Are you beginning to hear what the apostle John is saying. If not, note closely what John Piper says about the prayers of the saints.

“The utterly astonishing thing about this text is that it portrays the prayers of the saints as the instrument God uses to usher in the end of the world with great divine judgments. It pictures the prayers of the saints accumulating on the altar before the throne of God until the appointed time when they are taken up like fire from the altar and thrown upon the earth to bring about the consummation of God's kingdom. In other words, what we have in this text is an explanation of what has happened to the millions upon millions of prayers over the last 2,000 years as the saints have cried out again and again, ‘Thy kingdom come . . . Thy kingdom come.’ Not one of these prayers, prayed in faith, has been ignored. Not one is lost or forgotten. Not one has been ineffectual or pointless. They have all been gathering on the altar before the throne of God” (John Piper, “The Prayers of the Saints and the End of the World,” January 9, 1994, https://www.desiringgod.org/messages/the-prayers-of-the-saints-and-the-end-of-the-world.
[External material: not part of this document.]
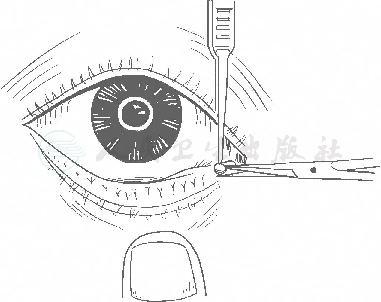 分别从水平,鼻内侧,颞侧三处将泪点剪成三角形开放状态

If at any time during the course of your Christian life, and especially in the midst of your seasons of prayer, you begin to wonder what happened to your prayers, what role do I play in God’s providential plans, the answer is found, at least in large part, in this text. Your prayers, be they long or short, simple or complex, go to the altar of God before his throne, having been mixed with “the smoke of the incense” (v. 4a).

Then something quite stunning occurs. The angel throws the censor into the earth which provokes “peals of thunder, rumblings, flashes of lightning, and an earthquake” (v. 5b). These phenomena “simply represent the action of God from heaven on the world as the scroll of the end of the age begins to open and the seven trumpets and the seven bowls are poured out. The unmistakable point is that your prayers bring that about” (ibid.).

Our prayers are preserved by God and made the catalyst, in response to which God’s judgments are poured out in bringing human history to its Christ-exalting climax. So, don’t ever think your prayers don’t matter!